Question

Solve the following quadratic equation by the formula method : $3{x^2} + 7x + 2 = 0$.

Answer 1

Hint: We have given a quadratic equation and find its solution by quadratic formula method. We first compare its quadratic equation with the standard quadratic equation $a{x^2} + bx + c = 0$ and find the value of $a,b$ and $c$ . Then firstly we check the nature of the root. This can be discriminant. If $D$ is greater than zero root will be real and distinct. If $D = 0$ then root will be real and equal. If $D < 0$ the real root does not exist. Then we apply a quadratic formula.
$x = \dfrac{{b + \sqrt D }}{{2a}}$
This will give us two roots of the equation.

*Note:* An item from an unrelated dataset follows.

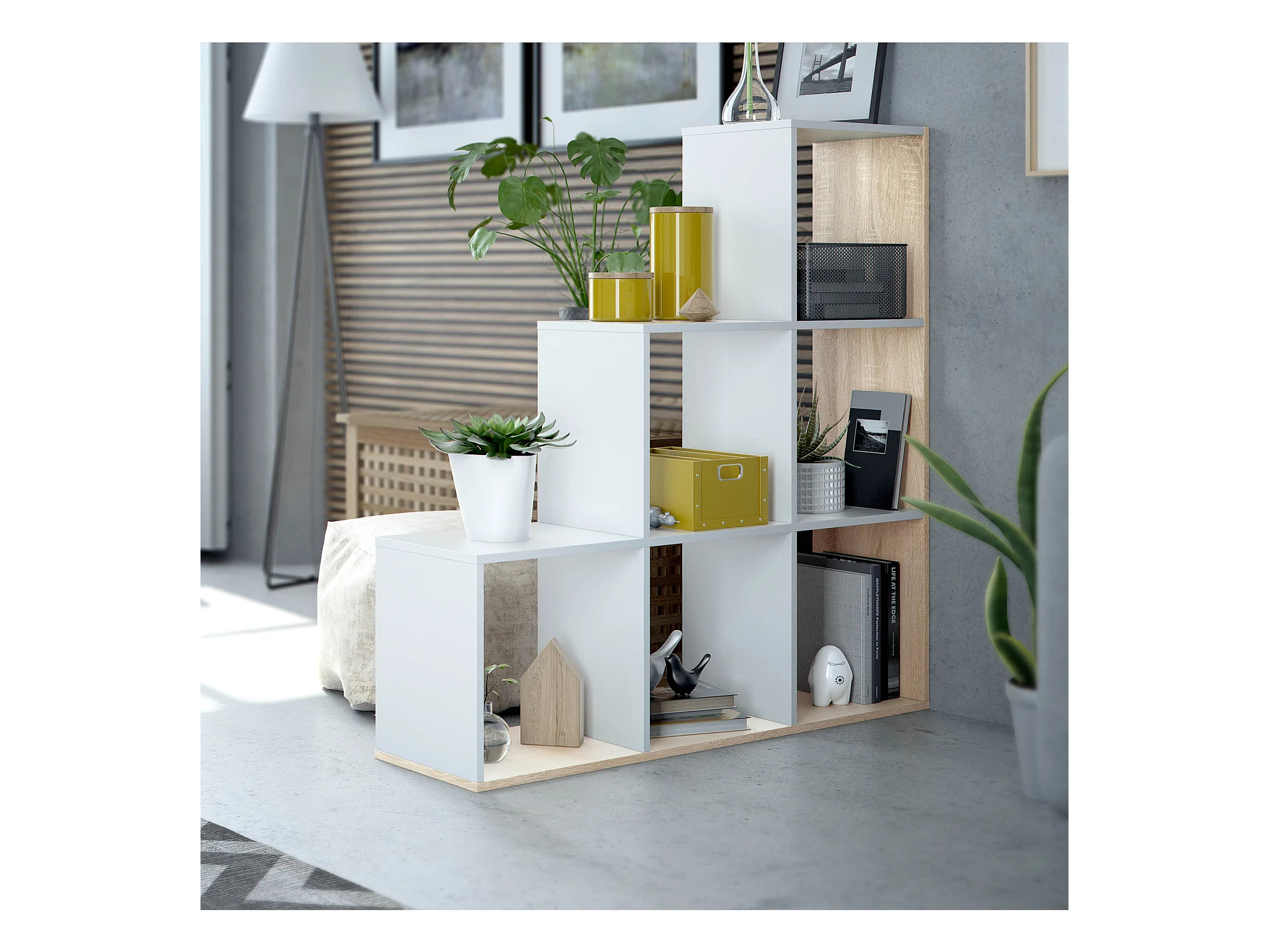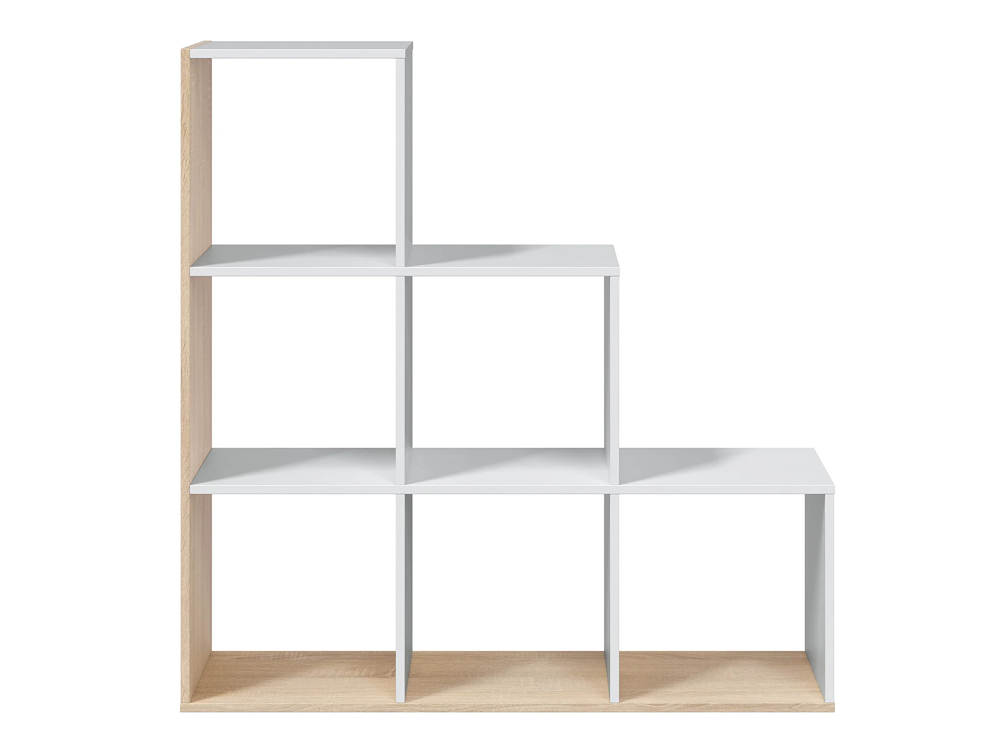 Boekenkast Estela in wit/eiken kleur, voor woonkamer, eetkamer of kantoor.

Complete step by step answer:
We have given a quadratic equation and we have found its roots by quadratic formula method.
The quadratic equation is $3{x^2} + 7x + 2 = 0$
We compare this equation with $a{x^2} + bx + c = 0$
$a{x^2} + bx + c = 0$ is a general quadratic equation $a = 3,b = 7,c = 2$
We check the nature of the root first.
We find the discriminant for this
$D = {b^2} - 4ac$
If $D > 0$, then roots are real and distinct.
If $D = 0$, then roots are real and equal.
If $D < 0$, then roots are imaginary.
Now $D = {\left( 7 \right)^2} - 4 \times 3 \times 2$
$ = 49 - 24$
$D = 25 > 0$
$D > 0$, so roots are real and distinct.
The quadratic formula is given as
$x = \dfrac{{b \pm \sqrt D }}{{2a}}$, $D$ is discriminant
So $x = \dfrac{{ - 7 \pm \sqrt {25} }}{{2 \times 3}}$ \[ = \dfrac{{ - 7 \pm 5}}{6}\]
$x = \dfrac{{ - 7 \pm 5}}{6}$
$x = \dfrac{{ - 7 + 5}}{6},\dfrac{{ - 7 - 5}}{6}$
$x = \dfrac{{ - 2}}{6},\dfrac{{ - 12}}{6}$
$x = \dfrac{{ - 1}}{3}, - 3$
So, roots of the quadratic equation $3{x^2} + 7x + 2 = 0$ is $\dfrac{{ - 1}}{3}, - 3$

Note: Quadratic Equation : A quadratic equation is any equation that can be rearranged in standard form as there it represents unknown and a, b, c represent known number. Where $a \ne D$. If $a = 0$ then it will not be a quadratic equation.
The quadratic equation is the equation of parabola. There are two solutions of the quadratic equation; these solutions are called roots equations and these solutions are called roots. The roots may be real distinct, real and same and not real.